▶ _MATERIAL FOR THIS EXERCISE_
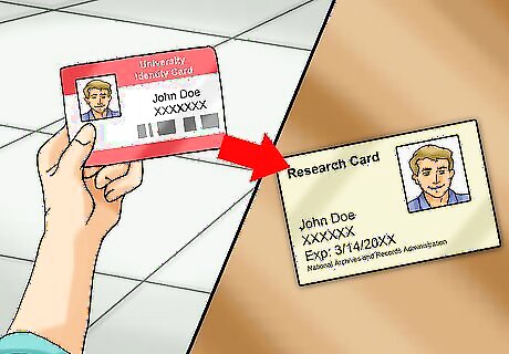 Get a Researcher Identification Card to view original records. Bring official photo identification (such as a driver's license, passport, or school/work ID) and proof of address to get a Researcher Identification Card. The card is valid for one year. You'll also have to fill out a brief form providing your name, contact information, and a description or summary of your research topic.
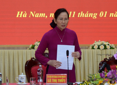 Đồng chí Lê Thị Thủy, Uỷ viên Trung Đảng, Bí thư Tỉnh uỷ phát biểu tại hội nghị Thay mặt Đảng bộ, chính quyền, nhân dân trong tỉnh, đồng chí Lê Thị Thủy, Ủy viên Trung ương Đảng, Bí thư Tỉnh ủy trân trọng cảm ơn và nghiêm túc tiếp thu những ý kiến chỉ đạo, gợi mở của Thủ tướng Chính phủ đối với tỉnh. Đồng chí khẳng định: trên cơ sở những ý kiến chỉ đạo, gợi mở của Thủ tướng Chính phủ thời gian tới tỉnh sẽ xây dựng kế hoạch, giải pháp trọng tâm để tổ chức thực hiện nghiêm túc, hiệu quả, đồng bộ từ tỉnh đến cơ sở. Đồng thời mong muốn, thời gian tới, Đảng bộ, chính quyền, nhân dân Hà Nam mong muốn tiếp tục nhận được sự quan tâm chỉ đạo và tạo điều kiện của Đảng, Chính phủ, Quốc hội đề tỉnh hoàn thành thắng lợi các mục tiêu đã đề ra.
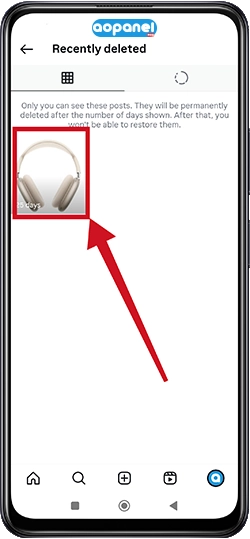 - پس از تایید، پست دوباره در گالری پروفایل شما قرار می گیرد. اگر پستی را نمی خواهید، می توانید به جای Restore گزینه Delete را بزنید تا برای همیشه حذف شود.
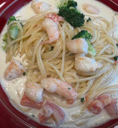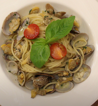 - 1. 재료 준비: 스파게티 면, 캔 토마토(홀), 다진 마늘 듬뿍, 양파, 베이컨, 새우, 오징어, 바질, 올리브유, 소금, 후추.
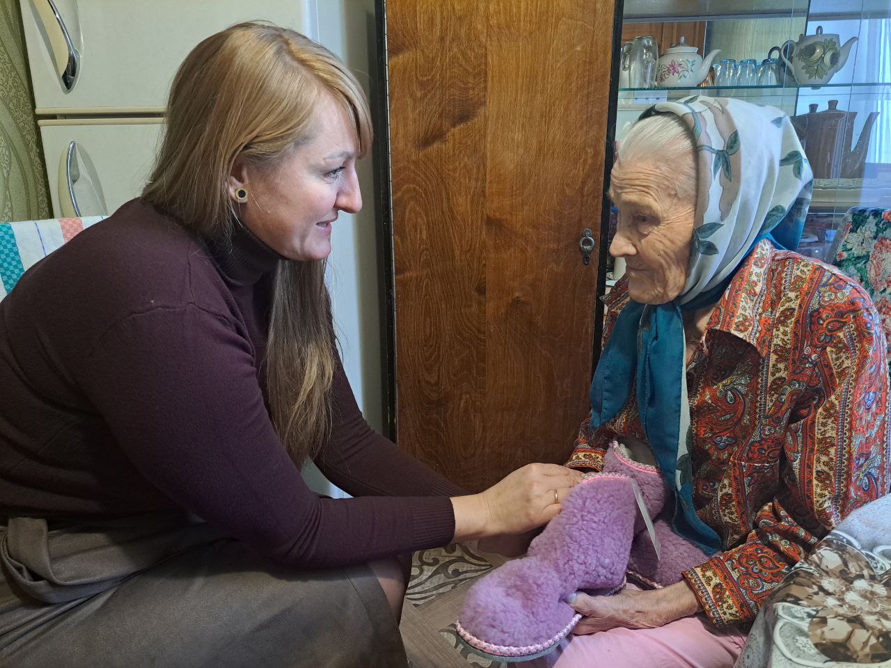 Виктория Викторовна выразила благодарность за вклад, который женщина внесла в Великую Победу, за труд в военные и послевоенные годы, поздравила с наступающими новогодними праздниками, пожелала крепкого здоровья и вручила подарки.
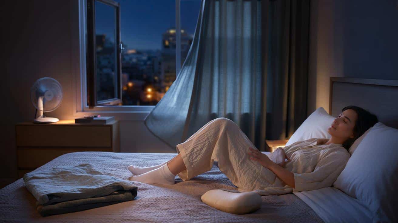 - 60–90 Minuten vorher: lauwarm duschen oder baden, danach dünn anziehen.
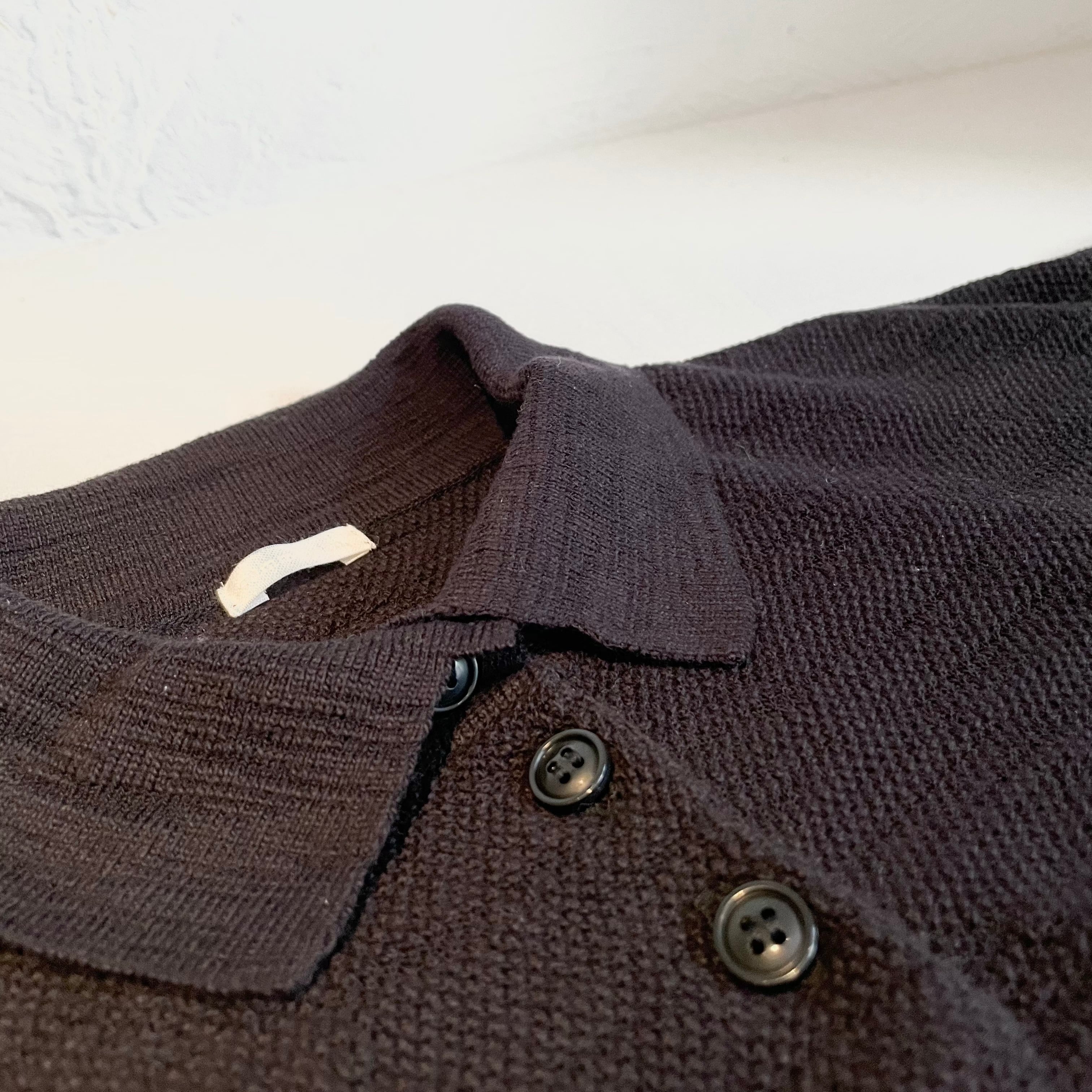 古着にもありそうな少し懐かしい印象を与える、インパクトのあるニットポロに仕上がっております。
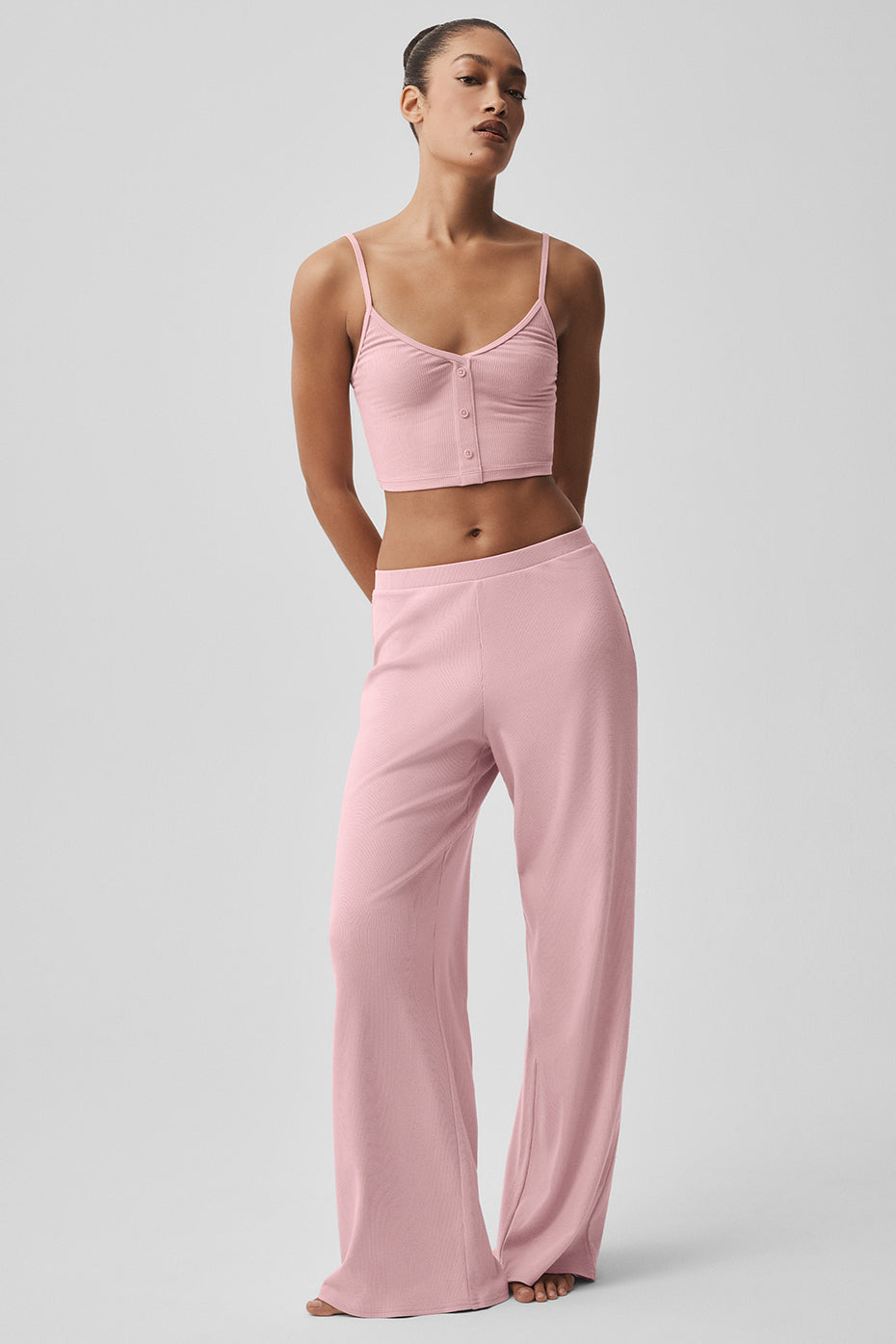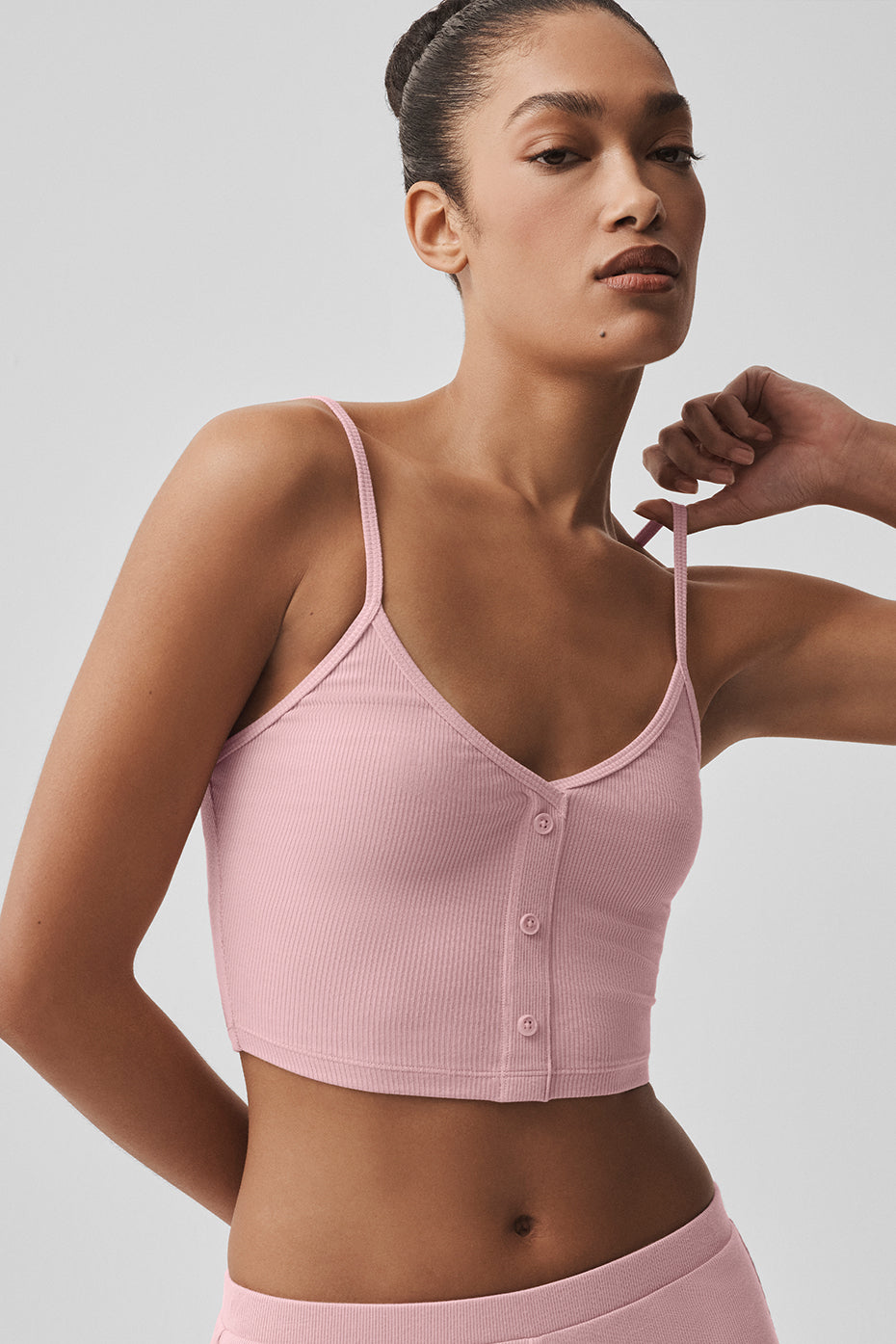 The Ribbed Delicate Lounge Tank is where comfort meets polish. Made from a soft, textured rib knit that moves with you, this cropped silhouette features a flattering V-neckline, delicate straps, and fixed buttons down the front. From mat to matcha runs, this style was made for you. Pair it with the Semi-Sheer Delicate Lounge Flare Pant for the perfect look.
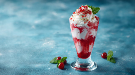 A vibrant dessert cup showcasing layers of cream, fruit, and a colorful blend of flavors. Perfect for summer events, food photography, or culinary inspiration.

▶ _YOUR TASK_
Write the records out exactly, dropping every image.

▶ _TASK ANSWER_
 Get a Researcher Identification Card to view original records. Bring official photo identification (such as a driver's license, passport, or school/work ID) and proof of address to get a Researcher Identification Card. The card is valid for one year. You'll also have to fill out a brief form providing your name, contact information, and a description or summary of your research topic.
 Đồng chí Lê Thị Thủy, Uỷ viên Trung Đảng, Bí thư Tỉnh uỷ phát biểu tại hội nghị Thay mặt Đảng bộ, chính quyền, nhân dân trong tỉnh, đồng chí Lê Thị Thủy, Ủy viên Trung ương Đảng, Bí thư Tỉnh ủy trân trọng cảm ơn và nghiêm túc tiếp thu những ý kiến chỉ đạo, gợi mở của Thủ tướng Chính phủ đối với tỉnh. Đồng chí khẳng định: trên cơ sở những ý kiến chỉ đạo, gợi mở của Thủ tướng Chính phủ thời gian tới tỉnh sẽ xây dựng kế hoạch, giải pháp trọng tâm để tổ chức thực hiện nghiêm túc, hiệu quả, đồng bộ từ tỉnh đến cơ sở. Đồng thời mong muốn, thời gian tới, Đảng bộ, chính quyền, nhân dân Hà Nam mong muốn tiếp tục nhận được sự quan tâm chỉ đạo và tạo điều kiện của Đảng, Chính phủ, Quốc hội đề tỉnh hoàn thành thắng lợi các mục tiêu đã đề ra.
 - پس از تایید، پست دوباره در گالری پروفایل شما قرار می گیرد. اگر پستی را نمی خواهید، می توانید به جای Restore گزینه Delete را بزنید تا برای همیشه حذف شود.
 - 1. 재료 준비: 스파게티 면, 캔 토마토(홀), 다진 마늘 듬뿍, 양파, 베이컨, 새우, 오징어, 바질, 올리브유, 소금, 후추.
 Виктория Викторовна выразила благодарность за вклад, который женщина внесла в Великую Победу, за труд в военные и послевоенные годы, поздравила с наступающими новогодними праздниками, пожелала крепкого здоровья и вручила подарки.
 - 60–90 Minuten vorher: lauwarm duschen oder baden, danach dünn anziehen.
 古着にもありそうな少し懐かしい印象を与える、インパクトのあるニットポロに仕上がっております。
 The Ribbed Delicate Lounge Tank is where comfort meets polish. Made from a soft, textured rib knit that moves with you, this cropped silhouette features a flattering V-neckline, delicate straps, and fixed buttons down the front. From mat to matcha runs, this style was made for you. Pair it with the Semi-Sheer Delicate Lounge Flare Pant for the perfect look.
 A vibrant dessert cup showcasing layers of cream, fruit, and a colorful blend of flavors. Perfect for summer events, food photography, or culinary inspiration.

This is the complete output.